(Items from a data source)

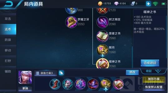 噬神之书提升高渐离的输出能力以及续航能力,加强高渐离法术攻击力的同时提供一定的吸血能力,对于高渐离这种瞬间爆发型的法师而言增益极大,依靠辉月的主动技能可以在金身期间进行源源不断的输出,同时将输出伤害转为回复的生命值,输出与生存兼顾。
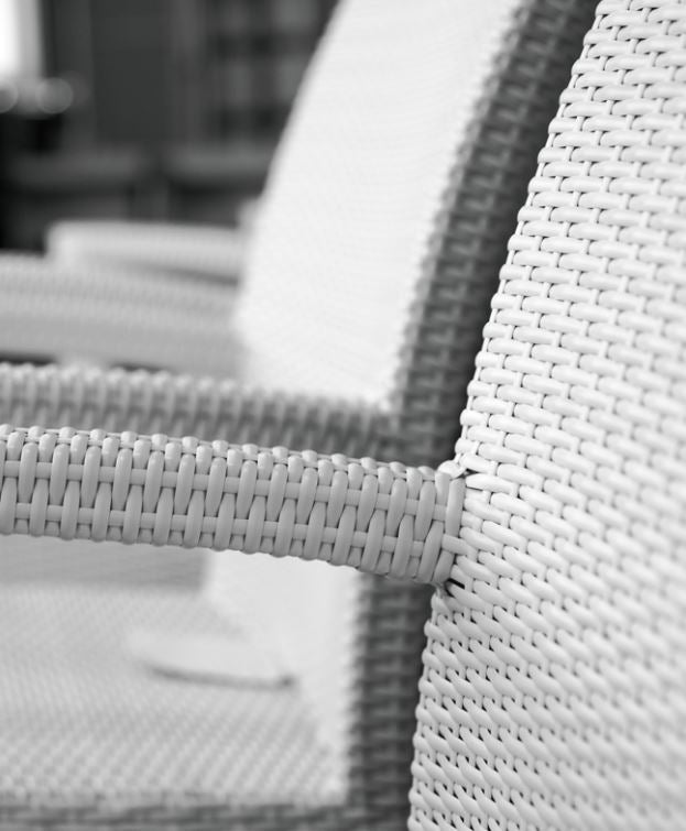 Wicker furnishings are made of durable and weatherproof extruded polyethylene resin weave.
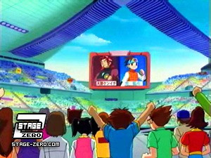 Das verschafft Meiru genug Zeit den Triple-Lance Battle-Chip einzusetzen, der sehr mächtig ist. Colored Man hat absolut keine Chance gegen diesen Angriff und muss sich ausloggen. Im Main Dome sind Fire Man und Rockman weiter hart am Kämpfen. Noch keiner kann die Oberhand für sich gewinnen.
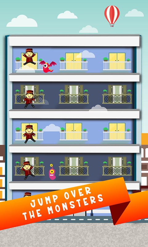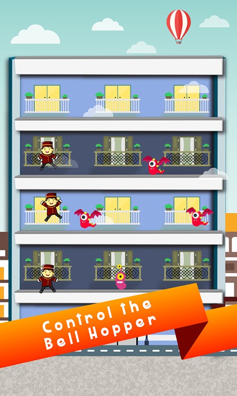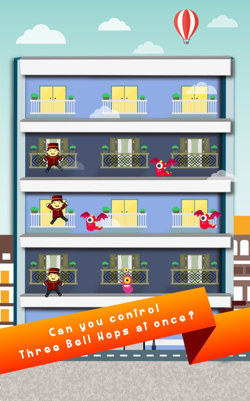 Welcome to Bell Hopper! You play as the bell hop in a hotel filled with monsters. You have to tap a floor to make a bell hopper on that floor jump in this game, but make sure you don't jump onto a monster! Timing is key. Control either 3 or 5 bell hops. There is a leaderboard for both the 3 and 5 floored games. This game is compatible with Android phones and tablets. Download Bell Hopper today!
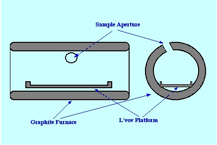 It was also found that the sensitivity of the analysis employing the graphite tube was improved by inserting a tungsten or tantalum tube inside the graphite tube and depositing the sample on the metal surface (as opposed to that of the graphite tube). It appeared that the metal surface acted in a similar way to the L’vov Platform. It was found that, by this procedure that detection limit for some 23 elements could be lowered by 3 to 100 fold and, at the same time, reduce the Atomization temperature by 200 to 900 C.

§ About this exercise
Set down all of the data word for word; no pictures belong in it.

§ Problem solution
 噬神之书提升高渐离的输出能力以及续航能力,加强高渐离法术攻击力的同时提供一定的吸血能力,对于高渐离这种瞬间爆发型的法师而言增益极大,依靠辉月的主动技能可以在金身期间进行源源不断的输出,同时将输出伤害转为回复的生命值,输出与生存兼顾。
 Wicker furnishings are made of durable and weatherproof extruded polyethylene resin weave.
 Das verschafft Meiru genug Zeit den Triple-Lance Battle-Chip einzusetzen, der sehr mächtig ist. Colored Man hat absolut keine Chance gegen diesen Angriff und muss sich ausloggen. Im Main Dome sind Fire Man und Rockman weiter hart am Kämpfen. Noch keiner kann die Oberhand für sich gewinnen.
 Welcome to Bell Hopper! You play as the bell hop in a hotel filled with monsters. You have to tap a floor to make a bell hopper on that floor jump in this game, but make sure you don't jump onto a monster! Timing is key. Control either 3 or 5 bell hops. There is a leaderboard for both the 3 and 5 floored games. This game is compatible with Android phones and tablets. Download Bell Hopper today!
 It was also found that the sensitivity of the analysis employing the graphite tube was improved by inserting a tungsten or tantalum tube inside the graphite tube and depositing the sample on the metal surface (as opposed to that of the graphite tube). It appeared that the metal surface acted in a similar way to the L’vov Platform. It was found that, by this procedure that detection limit for some 23 elements could be lowered by 3 to 100 fold and, at the same time, reduce the Atomization temperature by 200 to 900 C.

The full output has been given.